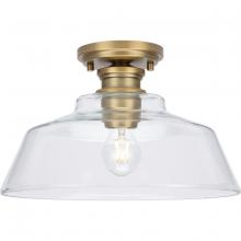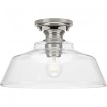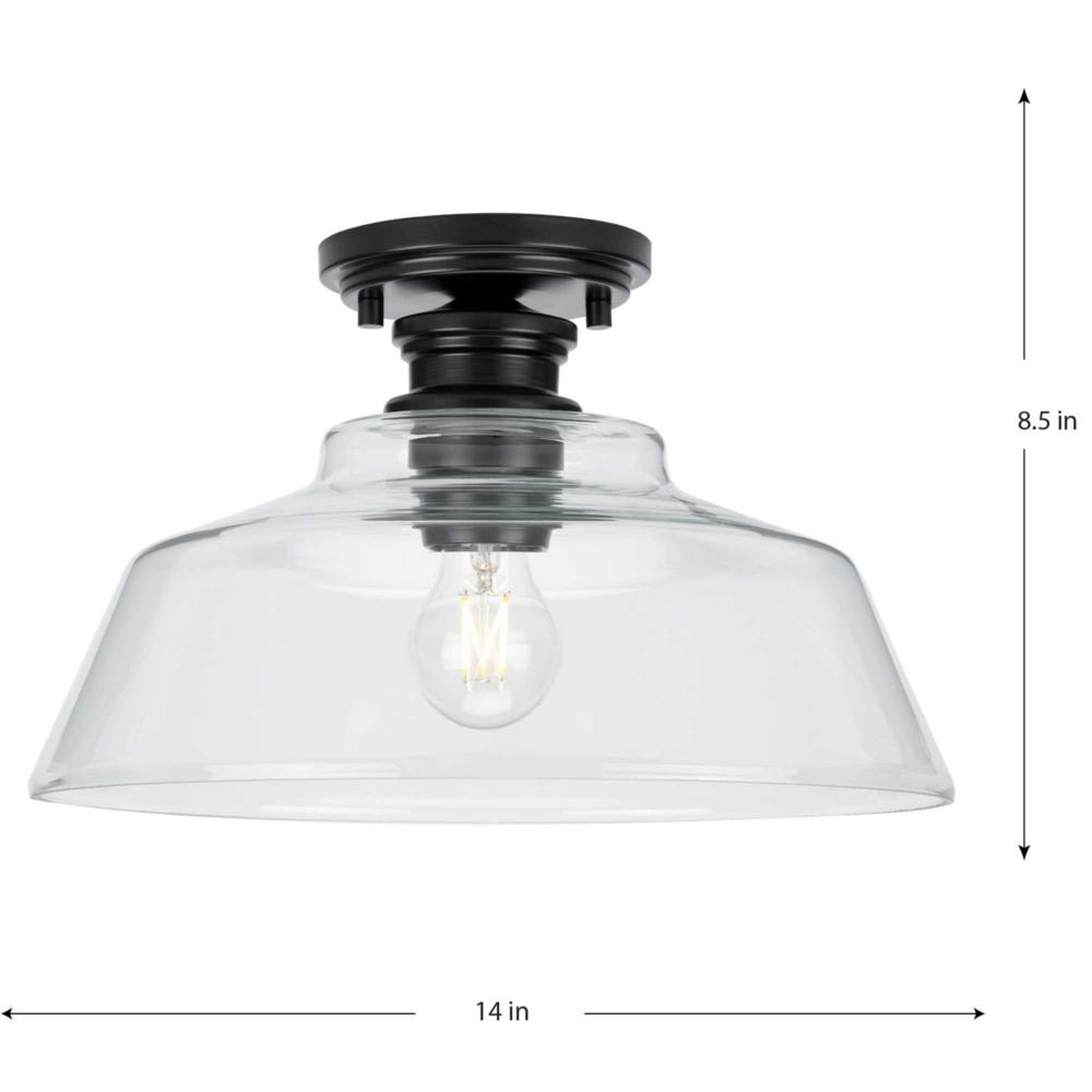 The Singleton Collection 1-light semi-flush mount fixture pays homage to industrial styling with an oversized warehouse shade fabricated from clear glass. A round backplate and vintage-inspired metal fittings finished in classic matte black create a timeless design. The warehouse-style glass shade is the perfect showcase for clear decorative light bulbs (not included) to enhance the fixture's charming style. This beautiful ceiling light delivers optimal ambient lighting for bathrooms, bedrooms, hallways and foyers.
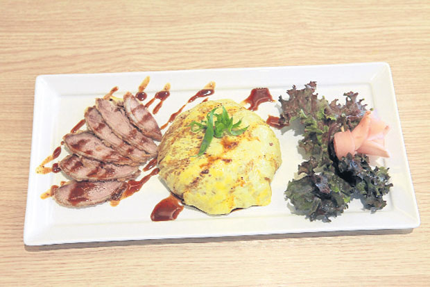 มาอีกเมนู คือ “ข้าวผัดซีอิ๊วญี่ปุ่นห่อไข่หน้าเป็ดล่อนทอด” ชื่อย้าวยาวแต่คนชอบก็ยังจำสั่งได้ไม่ผิดเพี้ยน จัดเป็นเมนูขายดิบขายดีอีกหนึ่ง เพราะทั้งรสชาติและการจัดจานถูกอกถูกใจลูกค้าวัยรุ่น ที่สำคัญเด็กๆ ชอบนักล่ะเมนูนี้
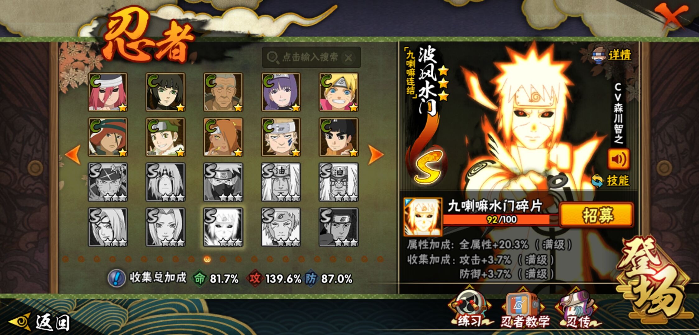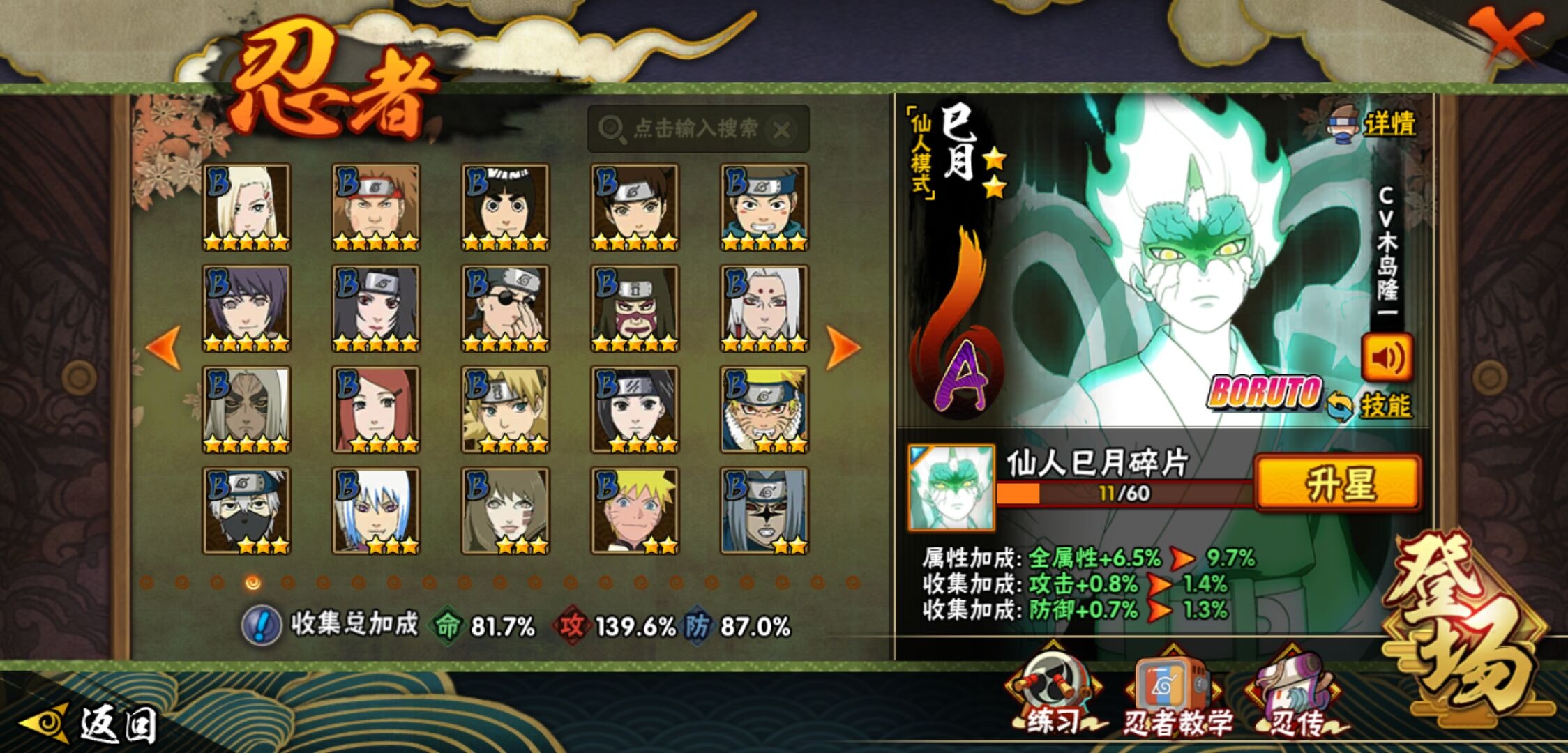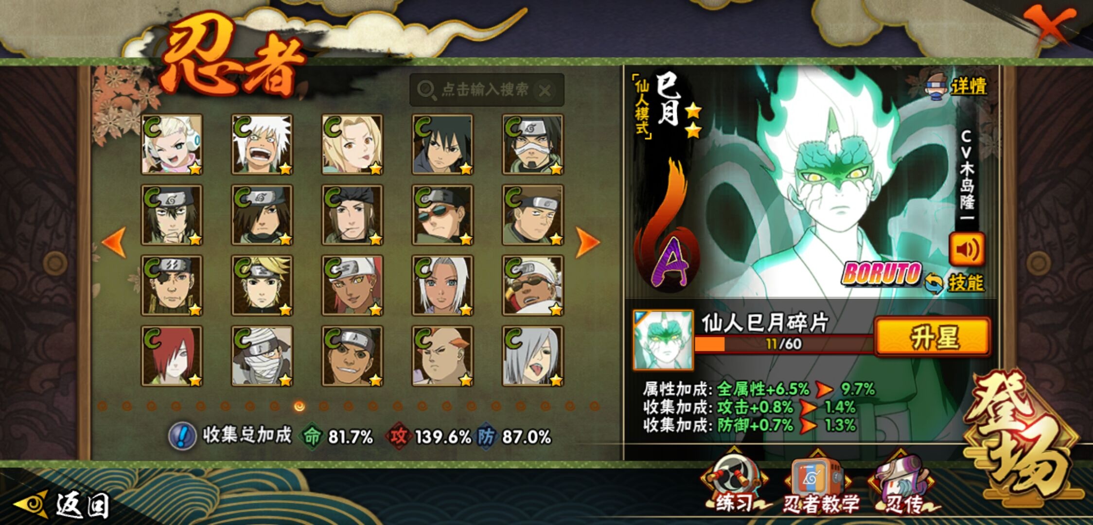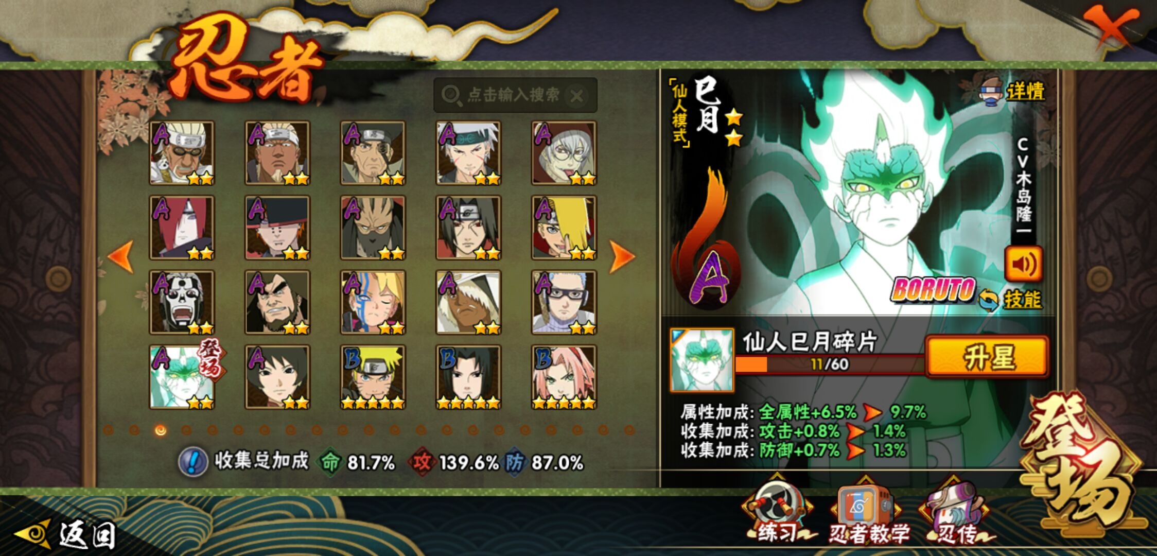 【火影忍者】【lyhy9399】战斗力:1288w;段位:中忍2阶;本服排名:126;vip:v10级;s忍:21个;a忍:36个;通灵兽:18个,s忍:暴怒第六尾漩涡鸣人|九喇嘛连结漩涡鸣人|永恒万花筒宇智波佐助|舞之豪杰自来也|传说中的三忍自来也|大蛇丸(普通)|死门迈特凯|波风水门|秽土转生波风水门|猿飞日斩(普通)|秽土转生猿飞日斩|秽土转生千手扉间|秽土转生解宇智波斑|须佐能乎宇智波鼬|神秘面具男(普通)|白面具宇智波斑|忍界大战宇智波带土|红夜之刃神秘面具男|天道佩恩|秽土转生长门|博人传大筒木金式__a忍:迈特凯(普通) 5星|猿飞阿斯玛(普通) 5星|干柿鬼鲛(普通) 5星|蝎(普通) 4星|飞段(普通) 4星|忍界大战日向宁次 3星|疾风传我爱罗 3星|忍者之路神秘面具男|万花筒写轮眼宇智波佐助|须佐能乎宇智波佐助|宇智波泉奈|忍界大战秋道丁次|幻之真容旗木卡卡西|青春爆炸迈特凯|宇智波止水(普通)|青年波风水门|近松十人卫千代|五代目水影照美冥|秽土转生桃地再不斩|忍界大战奇拉比|青年艾|忍界大战土台|漂泊武士千手扉间|半蛇斗篷药师兜|青年长门|漂泊浪客佩恩六道|绯流琥蝎|宇智波鼬(普通)|迪达拉(普通)|死司凭血飞段|羁绊神农|桃式显现漩涡博人|五代目雷影达鲁伊|六代目水影长十郎|仙人模式巳月|四代目土影黑土__通灵兽:忍犬(普通)|蓝蛇|砂之守鹤|蛤蟆吉|忍龟|镰鼬|猿魔|山椒鱼|蜃|蛤蟆仙人|鲛鲨|蛤蟆健|蛞蝓(普通)|乌鸦(普通)|蛤蟆龙|蛤蟆广|梦貘|鹰

__WHAT THE TASK ASKS__:
Exactly as written, return each line above and leave the pictures behind.

__PROBLEM SOLUTION__:
 The Singleton Collection 1-light semi-flush mount fixture pays homage to industrial styling with an oversized warehouse shade fabricated from clear glass. A round backplate and vintage-inspired metal fittings finished in classic matte black create a timeless design. The warehouse-style glass shade is the perfect showcase for clear decorative light bulbs (not included) to enhance the fixture's charming style. This beautiful ceiling light delivers optimal ambient lighting for bathrooms, bedrooms, hallways and foyers.
 มาอีกเมนู คือ “ข้าวผัดซีอิ๊วญี่ปุ่นห่อไข่หน้าเป็ดล่อนทอด” ชื่อย้าวยาวแต่คนชอบก็ยังจำสั่งได้ไม่ผิดเพี้ยน จัดเป็นเมนูขายดิบขายดีอีกหนึ่ง เพราะทั้งรสชาติและการจัดจานถูกอกถูกใจลูกค้าวัยรุ่น ที่สำคัญเด็กๆ ชอบนักล่ะเมนูนี้
 【火影忍者】【lyhy9399】战斗力:1288w;段位:中忍2阶;本服排名:126;vip:v10级;s忍:21个;a忍:36个;通灵兽:18个,s忍:暴怒第六尾漩涡鸣人|九喇嘛连结漩涡鸣人|永恒万花筒宇智波佐助|舞之豪杰自来也|传说中的三忍自来也|大蛇丸(普通)|死门迈特凯|波风水门|秽土转生波风水门|猿飞日斩(普通)|秽土转生猿飞日斩|秽土转生千手扉间|秽土转生解宇智波斑|须佐能乎宇智波鼬|神秘面具男(普通)|白面具宇智波斑|忍界大战宇智波带土|红夜之刃神秘面具男|天道佩恩|秽土转生长门|博人传大筒木金式__a忍:迈特凯(普通) 5星|猿飞阿斯玛(普通) 5星|干柿鬼鲛(普通) 5星|蝎(普通) 4星|飞段(普通) 4星|忍界大战日向宁次 3星|疾风传我爱罗 3星|忍者之路神秘面具男|万花筒写轮眼宇智波佐助|须佐能乎宇智波佐助|宇智波泉奈|忍界大战秋道丁次|幻之真容旗木卡卡西|青春爆炸迈特凯|宇智波止水(普通)|青年波风水门|近松十人卫千代|五代目水影照美冥|秽土转生桃地再不斩|忍界大战奇拉比|青年艾|忍界大战土台|漂泊武士千手扉间|半蛇斗篷药师兜|青年长门|漂泊浪客佩恩六道|绯流琥蝎|宇智波鼬(普通)|迪达拉(普通)|死司凭血飞段|羁绊神农|桃式显现漩涡博人|五代目雷影达鲁伊|六代目水影长十郎|仙人模式巳月|四代目土影黑土__通灵兽:忍犬(普通)|蓝蛇|砂之守鹤|蛤蟆吉|忍龟|镰鼬|猿魔|山椒鱼|蜃|蛤蟆仙人|鲛鲨|蛤蟆健|蛞蝓(普通)|乌鸦(普通)|蛤蟆龙|蛤蟆广|梦貘|鹰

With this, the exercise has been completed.